The gate attendant announces the next boarding group and passengers mill toward the gate. Julian looks impatiently at him and mouths Let’s go. James holds up a finger, a signal he’ll be there in a second, then turns back to his mother. “I can’t stop you. I can, and I will, determine when and how you interact with my sons.”
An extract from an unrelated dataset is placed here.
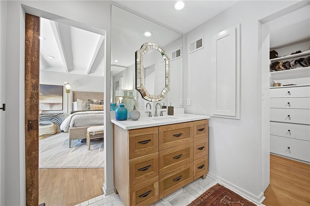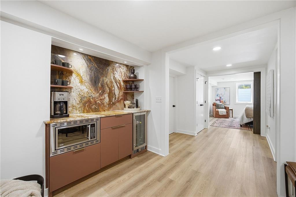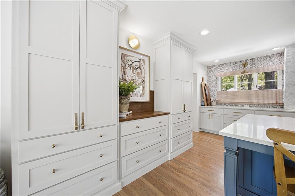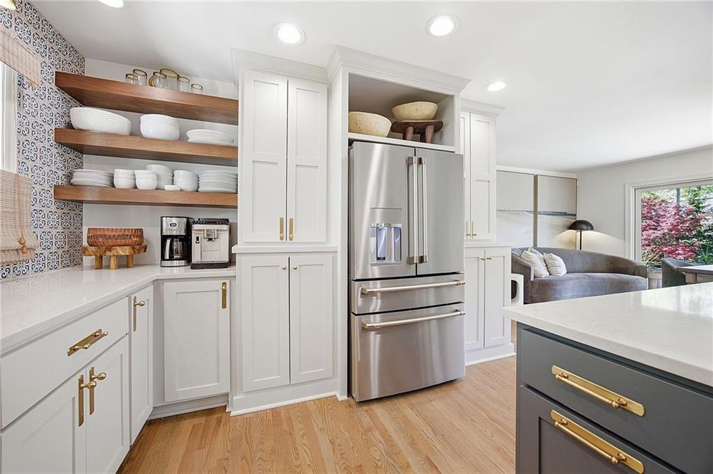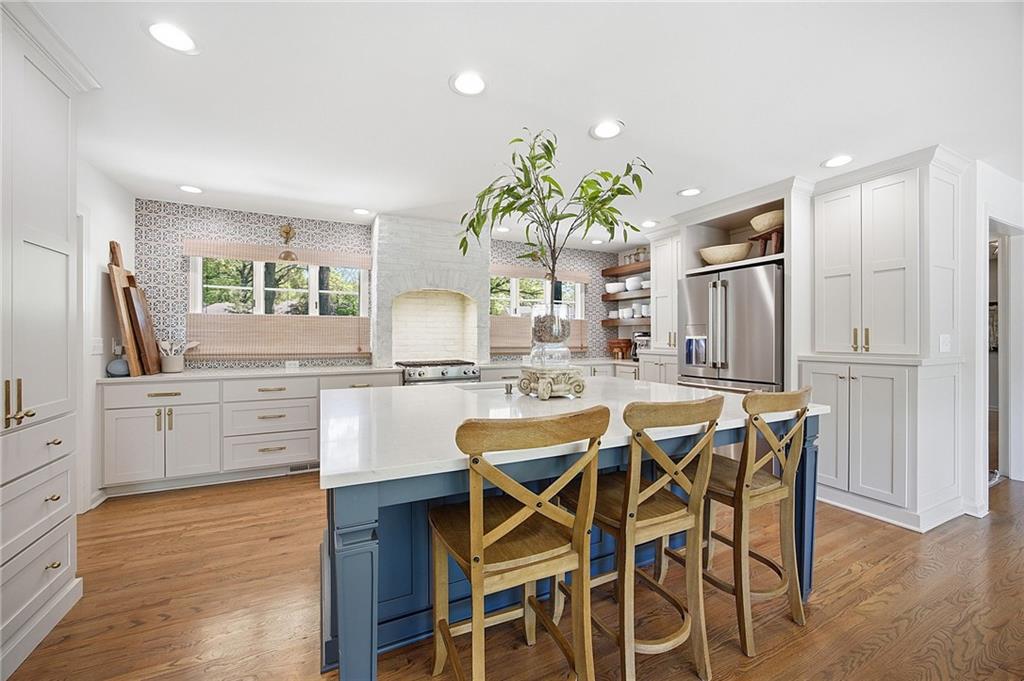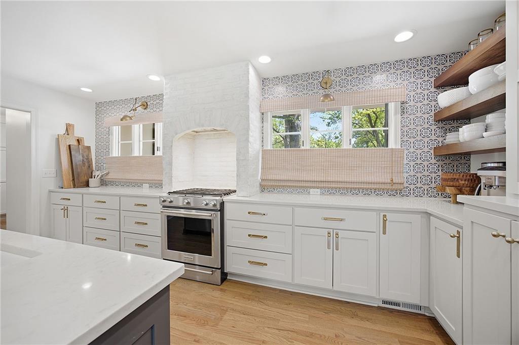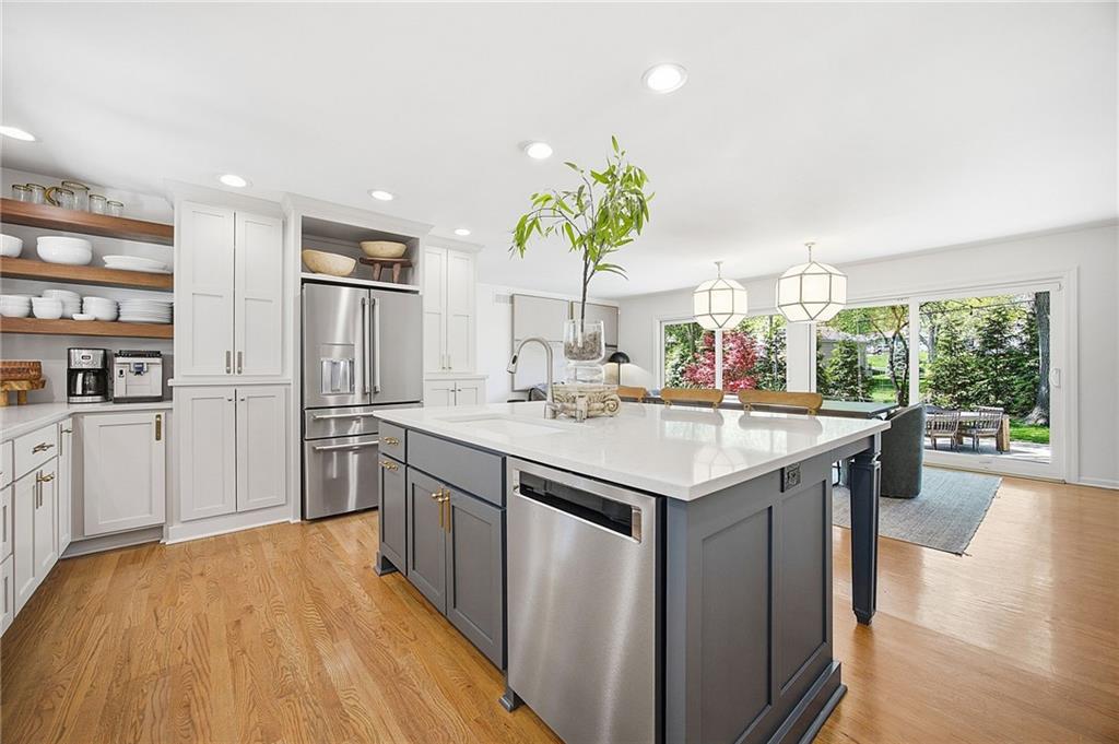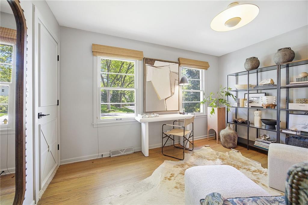 STUNNING Leawood Estates home completely & thoughtfully renovated by an Interior Designer/Building Consultant with custom and luxury materials. A MUST SEE. What was a charming 1950's ranch sitting in a prime location on a great lot, is now a 5 Bedroom, 4 Full Bath, main floor Primary Suite, Home Office stunner with 3 fabulously finished floors and outside as great as the inside. Most of the home was taken down to the studs with almost all new electrical + plumbing. See full Reno narrative in attachments. The reno started outside with a custom-made steel cupola, gas lanterns, stucco, new front and garage doors + all new landscaping. Step inside and the staircase was relocated, walls opened, new glass door and windows across the back. All doors are custom designed with a matching steel stair baluster and metal railings. Wonderfully opened and functional Kitchen with custom cabinetry, counter to ceiling tile, stained wood accents, SS appliances and custom brick, arched vent hood with gas stove focal point. HUGE Family Room with pecky-cypress paneling, beams, stone fireplace and walk-in Butler's Pantry. Luxurious Primary Suite with customized walk-in closet and Bath with luxurious hardware, fixtures and finishes down to the smallest detail. Upstairs was taken down to the studs and in its place are 3 charming Bedrooms and the cutest, most functional Bath you ever saw. Off the Kitchen was the old Dining Room and is now an enviable Flex Space for overflow Kitchen/Office/Laundry leading to both the garage and Lower Level. The Lower 1,329 sqft transformation created multiple family and guest spaces for easy living. The Backyard Oasis is private, composite decking stepping down to custom stamped concrete patio with all the bells and whistles. Floating benches, steel planters, gas fire bowl, limestone pavers... 2023 Furnace/AC/HWH. Zoned AC. Artful attention to every detail. Smart, functional beautiful spaces. This is the home you have been waiting for!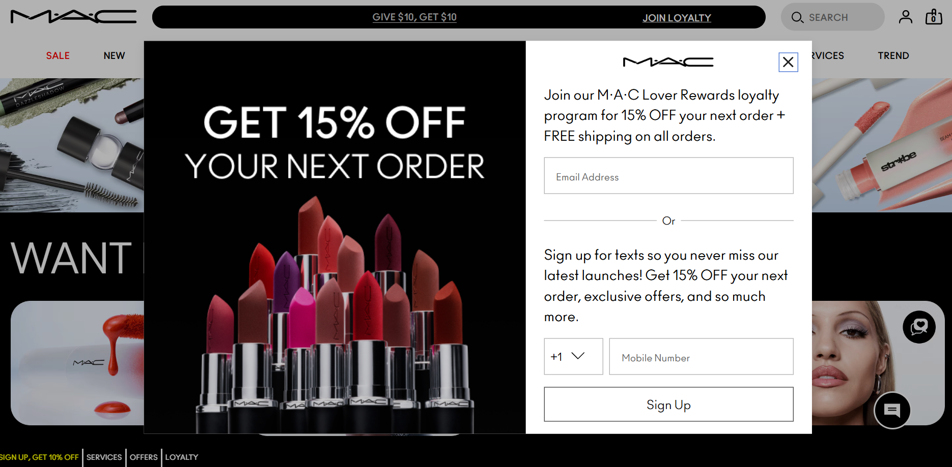 When new users arrive at this beauty brand’s website and intend to leave, they will immediately notice a popup overlaying the main content. Before visitors close the tab, MAC encourages them to sign up for its email newsletter. To increase signups, the brand offers a lead magnet in the form of a 15% discount. Joining MAC’s loyalty program enables new customers to receive a discount on their next purchase and free shipping on upcoming orders. The brand also gives prospects the option to receive SMS updates about the latest news, product launches, exclusive offers, and more.

“When do you plan to tell them about me?”

“I’m not sure I will.”

“But I’m their grandmother. You have no right keeping me from them.”

“Are you kidding me?” A short laugh rumbles from his chest. He gives his mother a look of disgust. “I have every right.” He shakes his head, still laughing at her audacity, and returns to his sons.

Their row block is announced. “Grab your stuff, kids. Time to go.”

“Where are you sitting, Señora Carla?” Marc asks once they’re in line.

“I’m in the very front.”

“Of course you are.” James fumbles with the zippers on his pack, searching for their tickets.

Julian gives him a weird look. “What’s your deal?”

“Life, Julian.” He gives his son his ticket. “Don’t lose it.”

“Seriously?” he balks. “What do you think I’m going to do? Drop it between here and the gate?” A woman with a toddler rushes forward, bumping Julian’s shoulder, knocking the ticket from his hand. It floats to the floor.

James snorts a laugh. He can’t help it.

“Shut up,” Julian mumbles. But his mouth twitches into a smile when he picks up the ticket.

James pats Julian’s shoulder, leaving his hand there to rest as they inch toward the gate. To his amazement, his son doesn’t shrug him off.